A few questions, if I may...
Less than 20Z between embark and SMR.
Can you do this in worldgen, or just using dfhack to find a good spot, with a 'short' world? Even with minimums between layers and 1 cavern layer, 20Z is awfully short. And, do you use agriculture and trade to get necessary materials? I can have issues mining out enough with 50Z embarks, once the fort is a few years old, and usually try for 100Z or more, to have plenty of good rock and ore.
A very small and thin aquifer.
Coming back from not playing in a year or more, I'm finding it hard to find what makes for good aquifers, these days. Are there any specific parameters to increase them, or common parameters that are decreasing them? I keep going to embarks with them only to have to use reveal, and find a tiny little pocket on an edge, if anything, rather than the old entire square, or most of one, filled with water. I'm one of those weirdos that
likes big aquifers and I cannot lie <whip cracking sound>, and it seems that whole-embark aquifers are not everywhere, these days.
Vertical layout fort.
The only way to dig!
Lethal cold and/or lethal hot.
Any tips for getting more glacier and tundra squares?
Personally, years ago I got fast low-latency RAM, and have every intention of spending on that again when I upgrade my desktop, to get a little bit extra out of things. Right now I'd probably get the best 3466MHz DDR4 I could find for a decent price, but with AMD officially showing off 3700MHz and up support, there might be even faster affordable RAM when the time comes. It tends to help out in other city builder and strategy games, too.
Assuming things are like older versions (it seems so), small very specific stockpiles (such as 3x3 with 3 wheelbarrows for heavy items, or plain 3x1 or 3x2 for lightweight items), with well-organized take/put relationships set up for those stockpiles (minimize jobs
and also minimize path distance between common repeating jobs), keeping workshops and their stockpiles out of the way of regular traffic (including just by low traffic, if the fort doesn't go as planned), have as few open paths between fort sections as possible (preferably one, possibly with locked doors or retracted bridges for military or service tunnel access in a pinch), as few squares to path along as possible, as little chance of pathing with a group of other dwarves as possible, and prolific traffic designations (oh, and set the weights higher in d_init.txt), tended to help quite a lot.

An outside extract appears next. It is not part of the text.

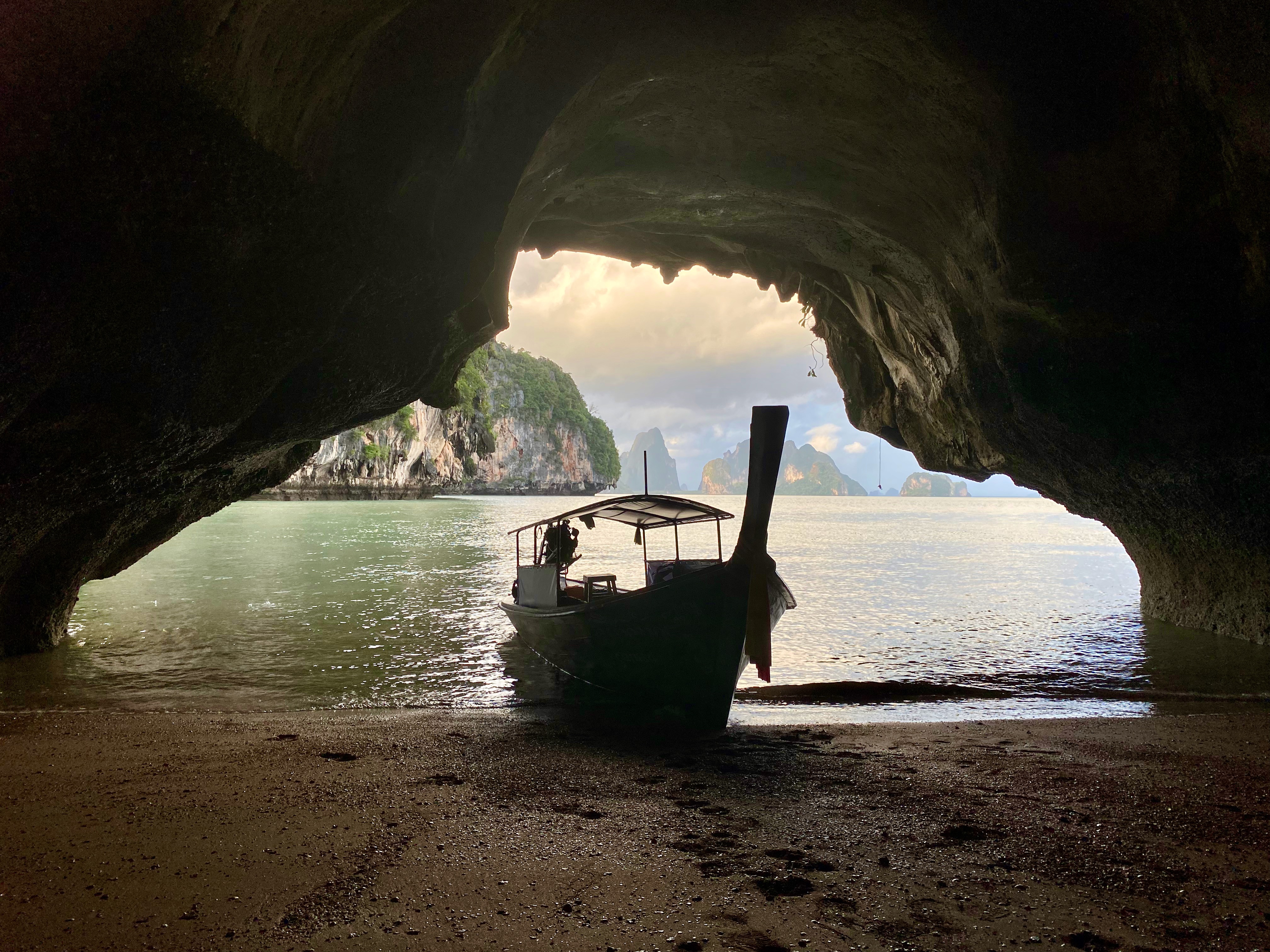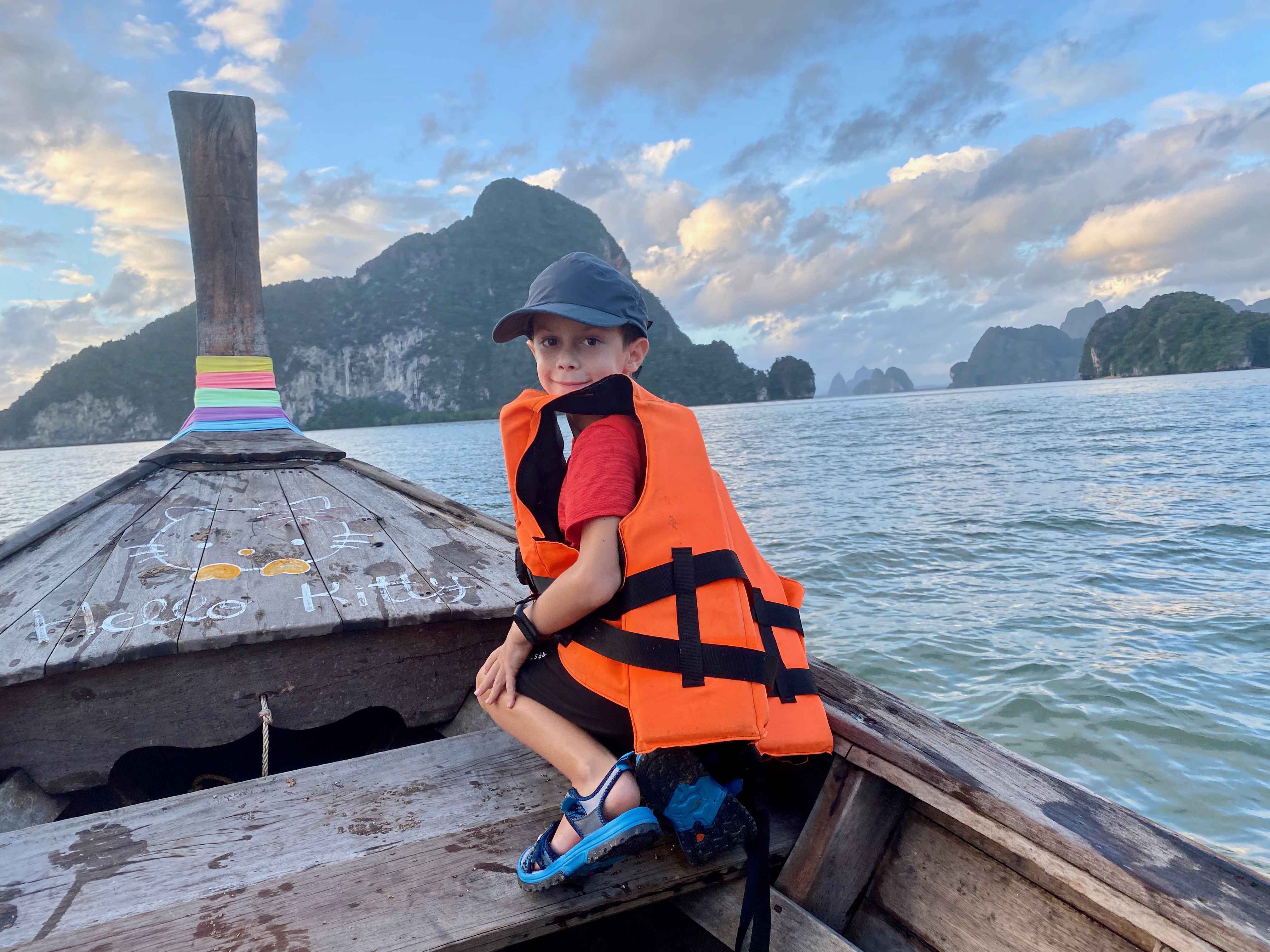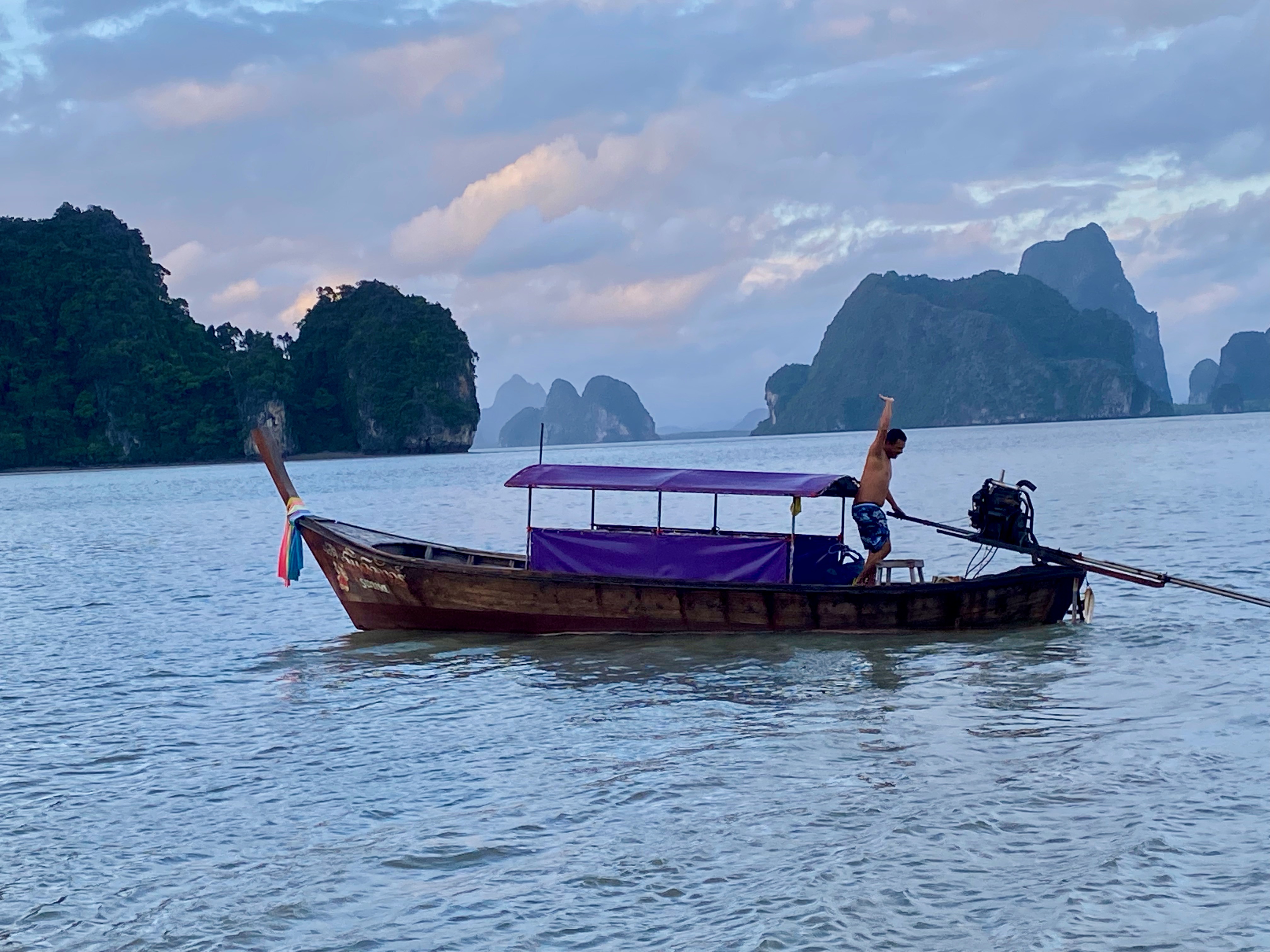 משם ירדנו למזח למצוא סירה, ניכר שבזמנים אחרים המקום הומה אדם, מדריכי תיירים ומשיטים.. אנחנו הוצאנו מישהו שדיבר קצת אנגלית מחדר המנוחה שלו וסגרנו איתו על שייט בין האיים. היו שם תמונות של המקומות העיקריים לשוט בינהם. יש כפר צף שסגור בגלל הקורונה, השאר פתוח, סגרנו על מערת נטיפים והצוקים שכיכבו אחד מסרטי ג׳יימס בונד, סיכמנו איתם שאנחנו תכף חוזרים והלכנו לאלתר ארוחת צהריים לילדים. באופן מפתיע גם אני וגם גל הצלחנו לקנות כמה מאפים וקרקרים בשתי מכולות שונות שהתפצלנו בינהן, הכל פה מאוד מקומי, ובכלל לא תיירותי כרגע, אז מאוד שמחנו שמצאנו את זה, וחזרנו למזח.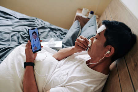 Man suffering from fever video calling his doctor asking about symptoms and complaints

No stupid dwarf tricks, just limiting production, stockpiling, and pathable networks (stockpiles are a big one, and most stockpiles only need to be production and consumption buffers).
For example, I might dig down such that every 5Z or 10Z there is a potential fort section to dig out, generally with a purpose other than dining or living space, and with only one way in and out. The dwarves working there will also have their own dining rooms and bedrooms there, with small food and drink stockpiles. I have to give in some, with taverns and temples and whatnot, but that alone can keep them from having to path too much and too far (and thus interact with other dwarves in their way), most of the time. Most other dwarves just come in and drop off or pick up something on a different Z-level than the workshops or bedrooms, or the workshops will have output stockpiles on the ramp/staircase side.